Wall Street says “keep going”
Credo Technology just picked up another optimistic note from Mizuho, which lifted its price target to $220 from $200 and stuck with an Outperform rating. The stock liked the attention, climbing 5.9% to $168.35 and marking a fourth straight day in the green. Not a bad way to start the week — or, you know, the whole AI-fueled victory lap thing.
Why the bulls are hanging around
The argument is pretty simple: Credo is still tied to the data-center arms race, and that’s where a lot of the market’s favorite money is hiding right now. Mizuho pointed to the company’s recent DustPhonics acquisition, which it expects to help boost revenues by roughly 75% — about $200 million — in fiscal 2027.

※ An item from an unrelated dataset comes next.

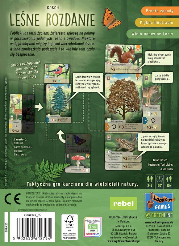Тактическая карточная игра для любителей природы близлежащей леса изобилует жизнью! Животные спешат поляну в поисках съедобных растений и насекомых. Некоторые предпочитают оставаться между пышными побережьями, а другие населяют подрост, и именно здесь они чувствуют себя в безопасности. Лесная дистанция - это карточная игра с простыми принципами и множеством стратегических возможностей. Во время игры ваша цель - создать экологически сбалансированную среду для фауны и флоры. Игра деревьев расширит ваш лес, который вы можете дополнительно обогатить различными животными, растениями и грибами. Если вы уважаете предпочтения жителей леса, вы получите еще больше очков. Помните, что некоторые существа предпочитают компанию своего собственного вида, в то время как другие больше всего заботятся о конкретной среде обитания или пищи. О чем это? Игроки играют свою очередь, играя в лесное расстояние. Во время каждого из них мы выполняем 1 из 2 возможных действий: мы выбираем 2 карты. Мы играем на карту и проверяем бонусы на нашей очистке. Среди карт мы найдем деревья и животных. Первое составляет основу нашего леса - мы можем разыграть вокруг них различные виды. В свою очередь, карты животных делятся, и каждый раз, когда мы выбираем, какую сторону мы хотим использовать. Ключ к победе состоит в том, чтобы правильно разложить животных в соответствии с их предпочтениями в отношении окружающей среды и окружающей среды, тщательное сочетание влияющих эффектов, а также максимальное использование опции сбора наборов. Почему вам понравится эта игра? Хотя сам игровой механизм прост, лесное расстояние является многомерным стратегическим весельем. На картах мы найдем много символов, эффектов и зависимостей, которые влияют друг на друга. Во время игры мы должны решить, что будет для нас самым прибыльным. Множество доступных карт и их многофункциональность, а также нестандартный обратный отсчет до конца игры делают их не двумя идентичными сторонами, а участники каждый раз ставят новые проблемы. Информация о картах о животных, растениях, грибах и их предпочтениях вдохновлена реальной информацией о отдельных видах, благодаря которой игра имеет дополнительную образовательную ценность. Содержание: 180 ноутбуков.

Jefferies is singing a similar tune, keeping a Buy rating and a $175 target. Its take? The market still may not be fully pricing in how much Credo can benefit from AI infrastructure buildouts, especially through its active electrical cables business.
Big picture
When analysts start raising targets in a stock that’s already been sprinting, the message is usually: “We still think this one has legs.” For investors, that means Credo remains one of the more interesting ways to play the plumbing behind the AI boom — not the flashy chip headline, but the stuff that keeps the data moving.
Big picture: if AI is the party, Credo is the extension cord nobody notices until it stops working.